Bu düşüncesi Jisung'un ev sahibini gördükten sonra daha da artmıştı. Bay Kim ona hem tanıdık, hem de çok uzak gelmişti. Göğsünün üzerinde hissettiği ağrıyı tanımlayamıyordu. Neden olduğunu anlayamadığı bu düşünce kafasını karıştırsa da kesinlikle emindi.

Jisung bu evde daha fazla durmamalıydı.

Hem, onu evden kaçırmak için yaptığı şeyleri nasıl görmezden gelebilirdi ki? Ne hakla? Minho ciddiye alınması gereken birisiydi. Han'ın tavırları kesinlikle affedilemezdi. Asla.

Jisung, Bay Kim ve tamircinin işleri bittiğinde onları uğurladı, çoktandır hak ettiği uyku planlarını gerçekleştirmek için odasına gitti. Odasına girdiği anda kendini garip hissetti. İçinden bir ses ona burada olmaması gerektiğini söyleyip duruyordu.

Bu düşünce çok saçmaydı. Anksiyete ilaçlarını da almıştı oysa, niye böyle göğsü sıkışıyor gibiydi? Ayrıca sabahtan beri sürekli bu odaya girip çıkıyordu, ne değişmiş olabilirdi ki?

Sonrasında aklına, daha beş dakika önce evde olan iki adamın odasından geçip de banyoya gittikleri düşüncesi düşüverdi. Hoş, evde oldukları süre boyunca ne yapmış olabilirlerdi ki canım? O kadar da kötü insanlara benzemiyorlardı. Jisung sadece çok ince düşünüyordu o kadar. Hem gece diye de kendini korkutuyordu büyük ihtimalle. Uzun zamandır da tek başına kalmadığı için de belki bu kadar takıyordu her şeyi kafasına.

Yaşadığı bu paranoya hissini azaltmak için odanın her köşesini didik didik aradı.
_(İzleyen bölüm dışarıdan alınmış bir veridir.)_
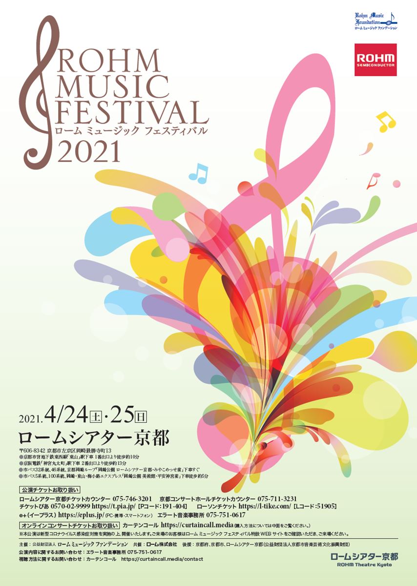 ローム ミュージック フェスティバル2021 21/4/24(土)~21/4/25(日) ロームシアター京都 サウスホール、ロームシアター京都 メインホール シェア ツイート 公演情報 ジャンル フェスティバル 未就学児童は入場不可。 料金 S席-3,000円 S席-4,000円 A席-1,500円 A席-2,500円 B席-1,500円 表示できるチケット情報はありません詳しくはこちら キャスト&スタッフ 出演 田村響 黒川侑 瀧本麻衣子 佐藤晴真 渡邉玲雄 清塚信也 松田理奈 古川展生 森野美咲 高田正人 甲斐栄次郎 朝岡聡 東京交響楽団 鷲尾麻衣 森雅史 三浦友理枝 浜野与志男 神谷未穂 礒絵里子 赤坂智子 中木健二 吉田誠 郷古廉 菊池洋子 指揮 下野竜也 お問い合わせ エラート音楽事務所 公式サイト シェア ツイート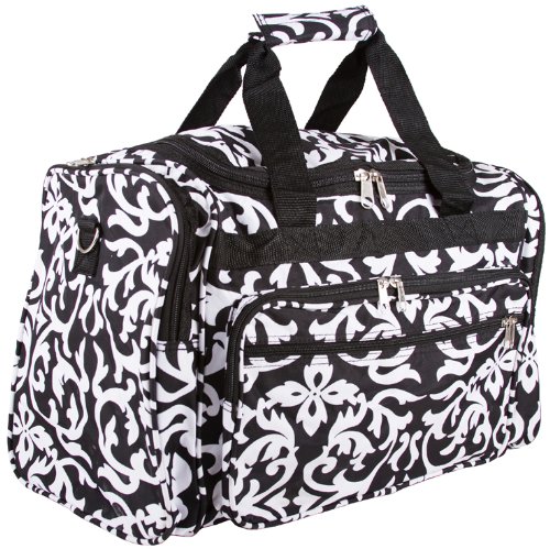 Black White Damask Floral Print Duffle Dance Cheer Gym Bag 19"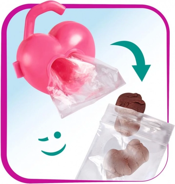 De set bevat een riem, klei, vorm en een hartvormig doosje met zakjes – alles wat een kleine verzorger nodig heeft.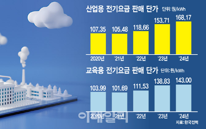 게다가 국내 산업용 전기요금 판매 단가는 가파르게 오르고 있다.지난해 말 판매 단가는 kWh(킬로와트시)당 168.17원으로,2021년(105.48원)보다 59.4% 올랐다.기업들에게는 큰 부담이다.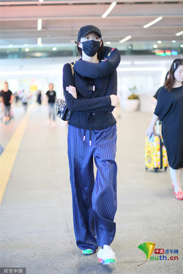關(guān)曉彤淡定抱臂行走 脖子上掛U型枕毫無(wú)偶像包袱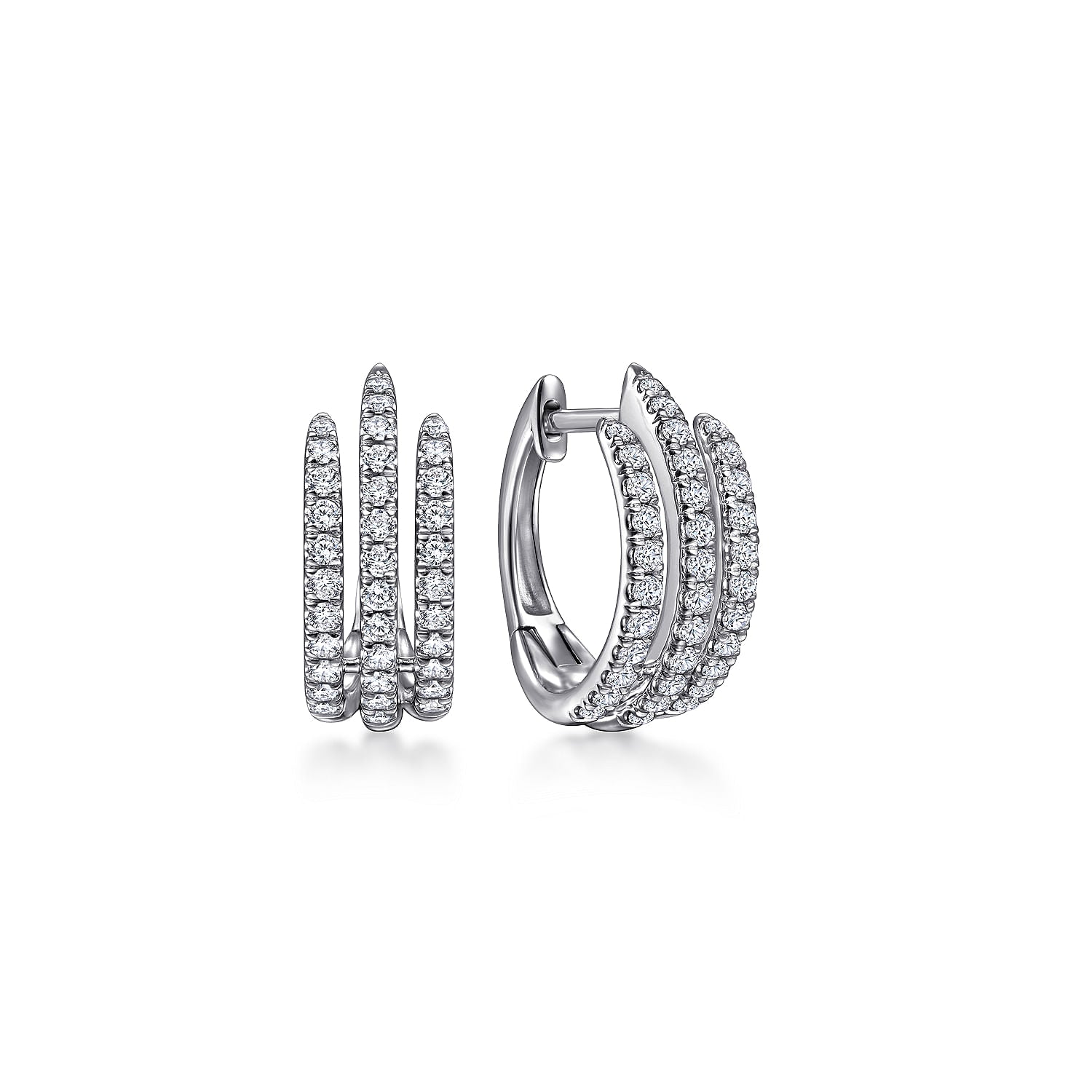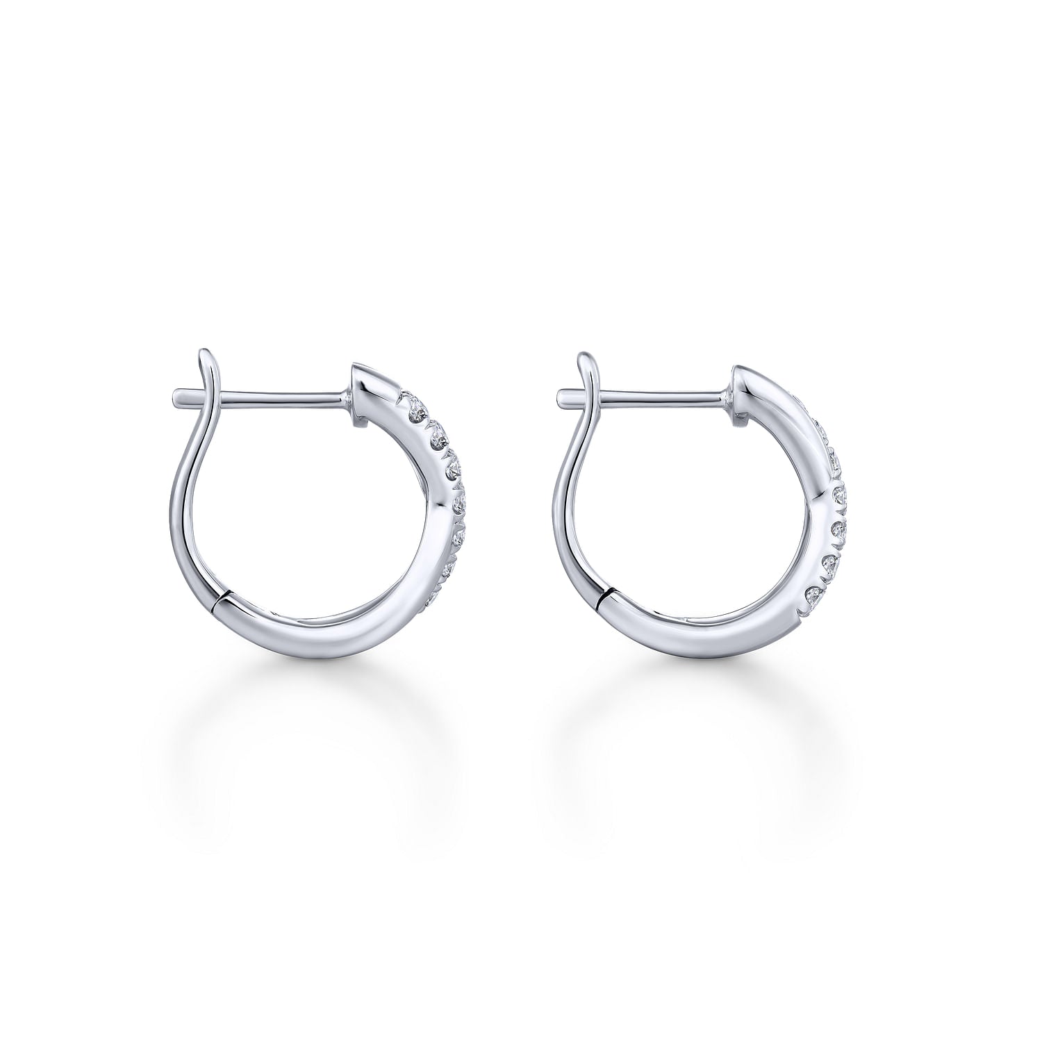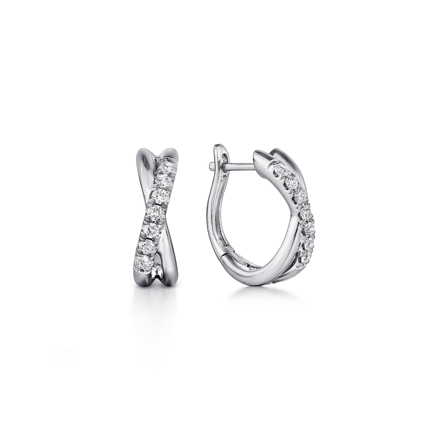 14K White Gold Twisted 15mm Diamond Huggie Earrings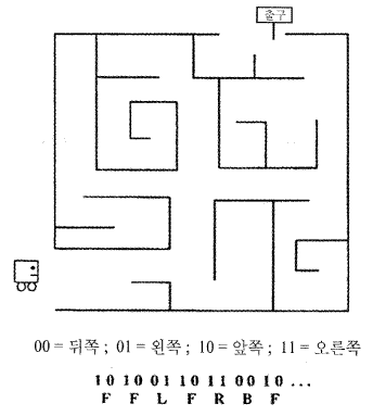 ·Îº¿ÀÇ À̵¿ °æ·Î 20 ´Ü°è´Â ±âÈ£ B, F, R, ¹× L ·Î ±¸¼ºµÈ ±æÀ̰¡ 20 ÀÎ ¹®ÀÚ¿·Î Ç¥ÇöµÈ´Ù. °¢ ±âÈ£´Â µÎÀÚ¸® ÀÌÁø¼ö·Î ºÎȣȵDZ⠶§¹®¿¡ °á±¹ 20 ´Ü°è À̵¿ °æ·Î´Â 40 ºñÆ® ±æÀÌÀÇ ÀÌÁø¼ö¿·Î ³ªÅ¸³¾ ¼ö ÀÖ´Ù. [±×¸² 17] ¿¡ ÀÌ·¯ÇÑ ÀÌÁø¼ö¿ ÀϺΰ¡ ³ªÅ¸³ª ÀÖ´Ù. ÀÌ ÀÌÁø¼ö¿Àº ¸ðÁý´Ü¿¡ ¼ÓÇÑ °¢°¢ÀÇ "°³Ã¼ (organisms)" µéÀ» ³ªÅ¸³»´Â "À¯ÀüÀÚÇü (genotypes)" À¸·Î °£ÁÖÇÒ ¼ö ÀÖÀ¸¸ç, °¢ °³Ã¼°¡ °®°í ÀÖ´Â À¯ÀüÀÚÇüÀº ±× °³Ã¼°¡ ¹Ì·Î ¼Ó¿¡¼ ¾î¶»°Ô À̵¿Çϴ°¡¸¦ ³ªÅ¸³»´Â °ÍÀÌ´Ù. °¢°¢ÀÇ °³Ã¼µéÀº ¾î¶² °ÍÀÌ ·Îº¿À» ÀÔ±¸¿¡¼ Ãⱸ±îÁö °¡Àå È¿°úÀûÀ¸·Î À̵¿½ÃŰ´Â ¹æ¹ýÀ» Ç¥ÇöÇϴ°¡¸¦ ³õ°í ¼·Î °æÀïÇÑ´Ù. ¸ðµç °³Ã¼ÀÇ ÀûÇÕµµ´Â, ÀÏ´Ü ·Îº¿À» ¹Ì·ÎÀÇ ÀÔ±¸¿¡ °®´Ù ³õ°í °¢ °³Ã¼ÀÇ À¯ÀüÀÚÇü¿¡ µû¶ó 20 ´Ü°è¸¦ À̵¿ÇÏ°Ô ÇÑ ÈÄ, ÃÖÁ¾ À§Ä¡¿¡¼ Ãⱸ±îÁö À̵¿Çϱâ À§ÇÏ¿© ÇÊ¿äÇÑ ³²Àº ´Ü°èÀÇ ¼ö¸¦ °è»êÇÏ¿© Á¤ÇÑ´Ù. ÀÌ °ªÀÌ ÀÛÀ¸¸é ÀÛÀ»¼ö·Ï, °³Ã¼ÀÇ ÀûÇÕµµ´Â ´õ Ä¿Áø´Ù. ·Îº¿ÀÌ 20 ´Ü°è ÀÌÀü¿¡ Ãⱸ¿¡ µµ´ÞÇϵµ·Ï ÇÏ´Â ¸ðµç °³Ã¼ÀÇ ÀûÇÕµµ´Â ÃÖ´ëÀûÇÕµµ 0 ÀÌ´Ù. ±×·¸´Ù¸é ±×·± ÃÖÀûÀÇ ÀûÇÕµµ¸¦ °®´Â ÀÌÁø¼ö¿À» ¾î¶»°Ô ã¾Æ³¾ ¼ö ÀÖÀ»±î? °¡´ÉÇÑ À¯ÀüÀÚÇü °ø°£¿¡¼ ±×·¸°Ô ³ôÀº ÀûÇÕµµ¸¦ °®´Â °³Ã¼¸¦ ã¾Æ³»´Â ÀýÂ÷¸¦ ¸¸µé¾î³¿À¸·Î½á, ¿ì¸®´Â ÀÚ¿¬ÀÌ ÇàÇÏ´Â °Í°ú µ¿ÀÏÇÑ ¹æ¹ýÀ¸·Î ±×·¯ÇÑ ÀÌÁø¼ö¿À» ã¾Æ³¾ ¼ö ÀÖ´Ù. ±× ÀýÂ÷°¡ ¹Ù·Î À¯ÀüÀÚ ¾Ë°í¸®Áò (GA) ÀÌ´Ù. À¯ÀüÀÚ ¾Ë°í¸®ÁòÀÇ ÇÙ½ÉÀûÀÎ ±¸¼º¿ä¼Ò´Â µ¹¿¬º¯ÀÌ, À¯ÀüÀÚ ±³Â÷, ¹× ¼±ÅÃÀ̶ó´Â Ãß»óÈµÈ ÀÚ¿¬ÀÇ ÀýÂ÷´Ù. ±âº»ÀûÀ¸·Î, ¿ì¼±Àº ±âÁ¸ÀÇ À¯ÀüÀÚÇüÀ¸·ÎºÎÅÍ »õ·Î¿î À¯ÀüÀÚÇüÀ» ¸¸µå´Â ¹æ¹ýÀÌ ÇÊ¿äÇϰí, ´ÙÀ½À¸·Î ¸ðÁý´Ü¿¡ ¼ÓÇÑ ¸ðµç À¯ÀüÀÚÇüµéÀÇ »ó´ëÀûÀÎ ÀûÇÕµµ¸¦ °è»êÇÒ ¼ö ÀÖ¾î¾ß ÇÑ´Ù. ¾Õ¼ ¾ð±ÞÇß´ø °Íó·³, ±âÁ¸ÀÇ À¯ÀüÀÚÇüÀ» º¯ÇüÇÏ¿© »õ·Î¿î À¯ÀüÀÚÇüÀ» ¸¸µå´Â ¹æ¹ýÀº ´ÙÀ½°ú °°Àº µÎ °¡Áö°¡ ÀÖ´Ù.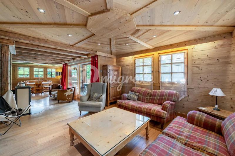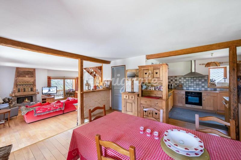 Шале площадью 130 м² с большим потенциалом, расположенное недалеко от центра Комблу и предлагающее прекрасный вид на Монблан. Теперь он состоит из: Первый этаж: Двойная гостиная с камином и юго-восточ

Ne aradığını bilmiyordu. Belki dolabın kenarına sıkıştırılmış bir gizli kamera, yatağının altına takılmış bir dinleme cihazı veya kıyafetlerinden birine yerleştirilmiş takip cihazı...

Odada garip görünen bir eşya bulamayınca Jisung, derin bir nefes aldı. Yine de içindeki o tuhaf hissi bir türlü atamıyordu. Tanımadığı yeni bir yerde, tek başına olmanın verdiği gerginlik diye düşünmeye zorladı kendisini.

Yatağa uzandı, gözlerini kapattığı gibi uykuya daldı.

•••

Nefes alamama hissiyle uyandı. Sanki ciğerlerine yeterince hava çekemiyor gibiydi. Vücudunu da oynatamıyordu. Elleri, kolları, bacakları sanki kitlenmiş gibiydi.

Gözlerini bir hışımla açtı.

Uyku felci geçirmeyeli çok uzun zaman olmuştu, aldığı ilaçların iyi yönleri diye düşünmüştü şimdiye kadar. Demek ki yeterince iyi gelmiyorlardı. Doktoruna gidip dozları hakkında konuşma zamanı gelmişti belki de.

Uyku felci geçirdiği durumlarda ne yapması gerektiğini, yaşadığı panik yüzünden hemen hatırlayamadığı için kendini sakinleştirmesi biraz uzun sürmüştü.

İlk önce nefesine odaklandı. Düzene soktuktan sonra, dikkatini parmaklarında yoğunlaştırdı. Hareket edebildiğini anladığı zaman, garip bir şeylerin olduğunu fark etmesi de çok da fazla zamanını almamıştı.

Jisung'un yaşlarına yakın, gözlerini avına odaklamış bir kedi edasıyla kısmış, sanki saydam görünümlü, tam da göğsünün üzerine çökmüş pozisyonda duran bir çocukla burun buruna buldu kendisini.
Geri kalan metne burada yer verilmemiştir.